Sixto
Rodriguez: il cantante “che con c'era”! Ricostruzione di una
carriera, tra verità e leggenda.
Voto
*** 7½
C’è
quasi
bisogno,
forse una urgenza latente, di sentirsi raccontare storie belle e
strabilianti. Quella del cantante “Rodriguez”
lo
è,
al punto da lasciarci perplessi se crederla vera o meno. Già morto
non una ma più volte: per overdose (come ogni star che si rispetti),
bruciato vivo sul palco o sparandosi un colpo alla tempia, alla fine
di un concerto.
Due
soli gli album all’attivo, incisi agli inizi degli anni ’70:
“Cold Fact” (1970) e “Coming from reality” (1971) - piu’ un
terzo incompleto - alzi la mano chi li conosce!

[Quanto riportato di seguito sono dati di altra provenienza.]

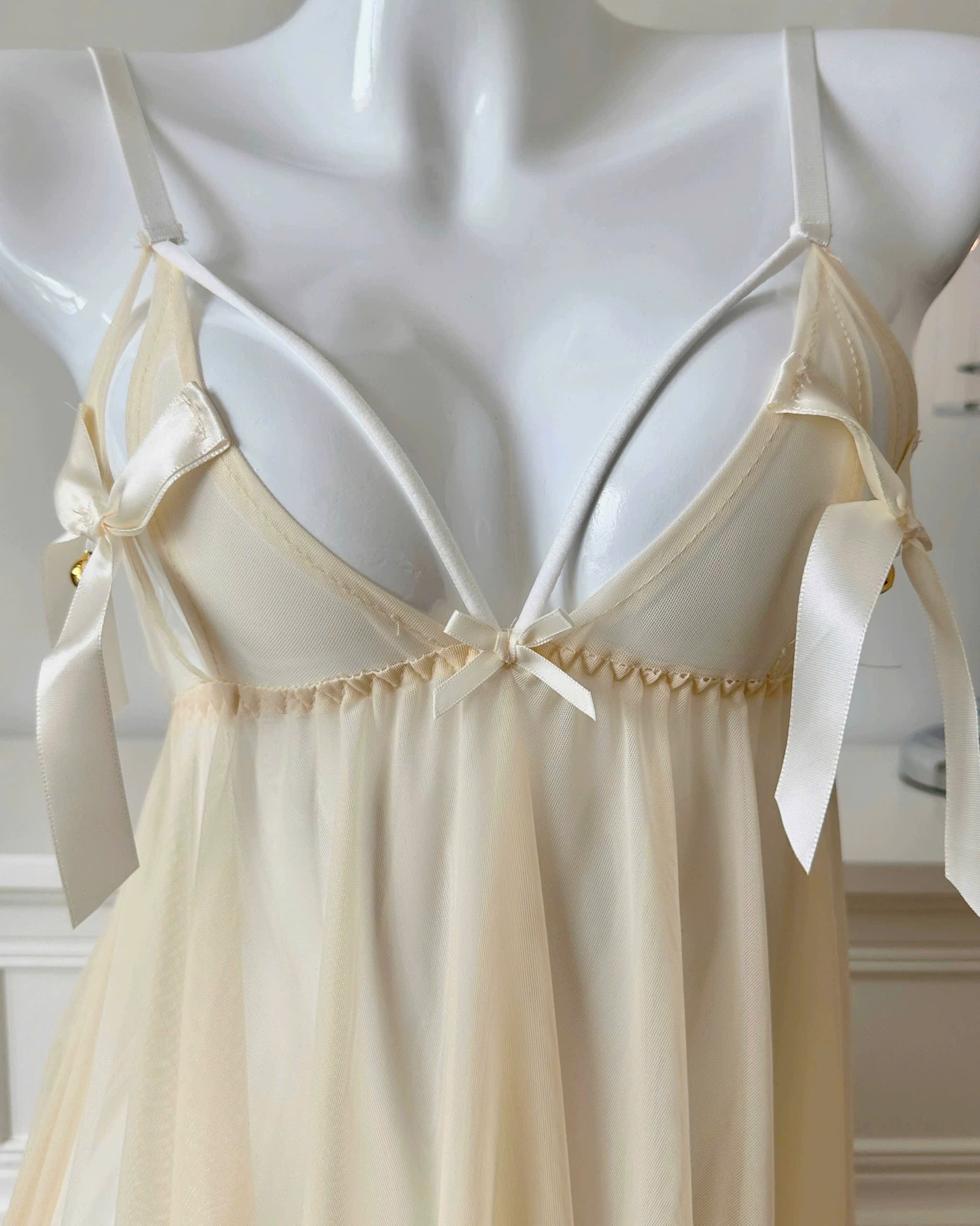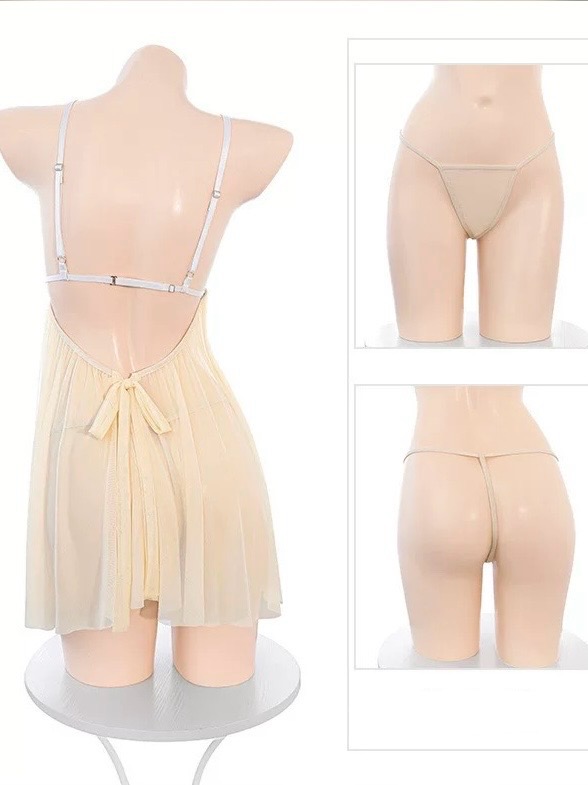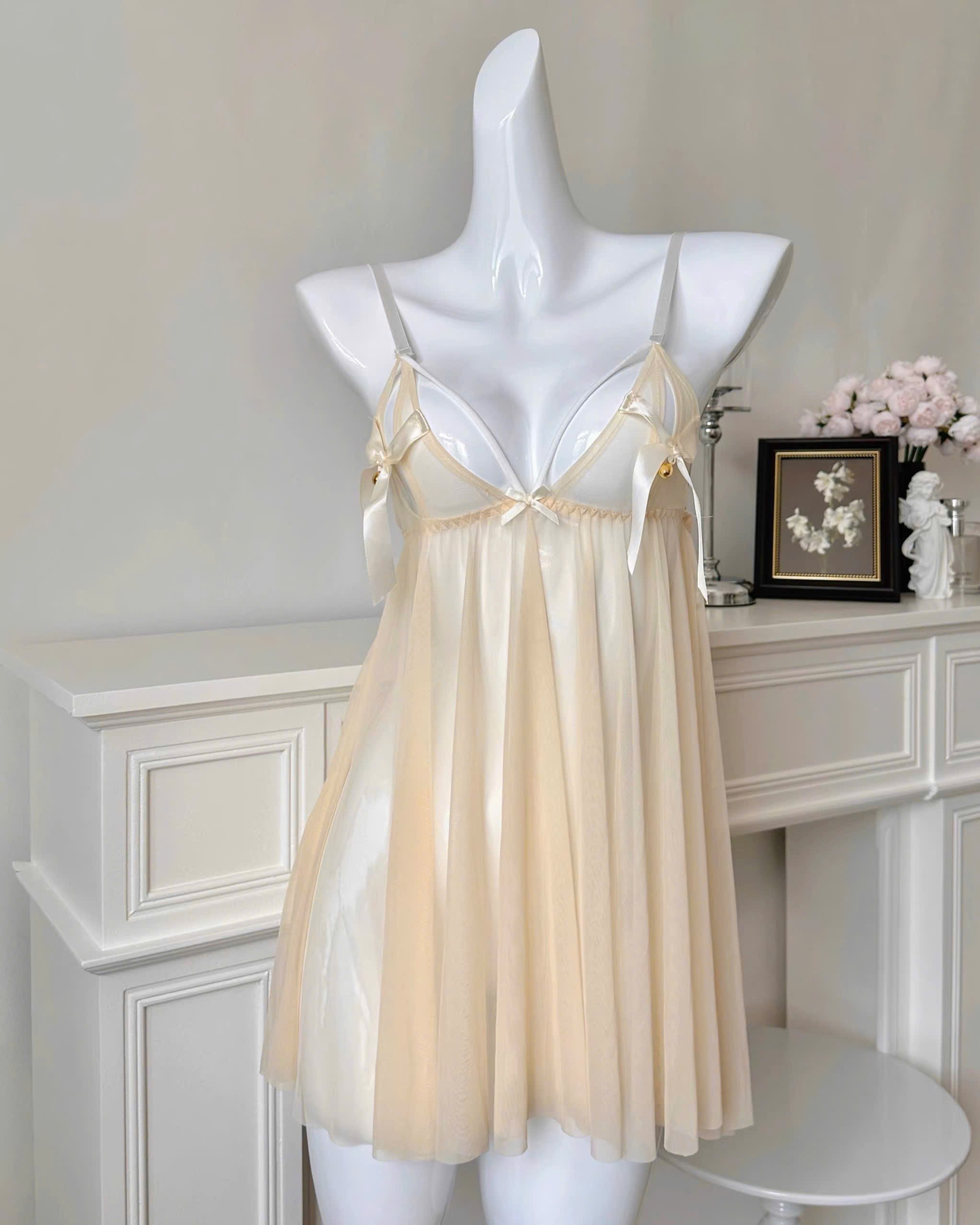 Váy ngủ voan xuyên thấu – xẻ tà sau quyến rũ – đính nơ chuông nhỏ xinh phía trước

Una voce calda e sonorità tra Bob Dylan ed un blues vagamente
lisergico: la sua “I wonder” potrebbe meccanicamente inondare
l’etere e scatenare il battimani del pubblico con facilità
sconcertante.
Eppure
Sixto Rodriguez è (oppure è stato?) un perfetto sconosciuto in
Patria ed ha goduto di una insolita notorietà solo
in Sud Africa,
dove la sua musica giunse quasi per caso: oltre
mezzo milione di Long Playing venduti, l’equivalente di dieci
dischi d’oro;
le sue parole diventarono armi contro l’Aparthaid (“Establishment
song”), al punto da esser addirittura censurato.
Nelle
case del Sud Africa, accanto ad “Abbey Road” dei Beatles e
“Bridge over troubled water” di Simon and Garfunkel, era naturale
trovare “Cold Fact” di Rodriguez.
E
allora, cosa non ha funzionato? Forse sarà stata colpa del lancio
pubblicitario, oppure il vestito del colore sbagliato!
Il
film “Sugar Man” (titolo originale “Searching for Sugar Man”),
del regista svedese di origine Algerina Malik Bendjelloul, ci porta
da Cape Town a Detroit, cercando di ricostruire l'atipico percorso di
questo artista, tra leggendari aneddoti e ricerca.
Ascoltiamo
le testimonianze chi lo ha conosciuto: produttori come Steve Rowland,
Il giornalista musicologo Craig Bartholomew Strydom, il commerciante
di dischi Stephen Segerman di Città del Capo, che a causa del
successo Sud-Africano del pezzo “Sugar Man” da anni è
soprannominato “Stephen SUGAR Segerman”!
Vincitore
dell'Oscar come miglior documentario nel 2012,
premiatissimo in moltissime altre rassegne, tra cui il “Sundance”.
Un
“giro di blues” come questo, ne la musica né tantomeno il
cinema, fino ad oggi l’avevano mai visto!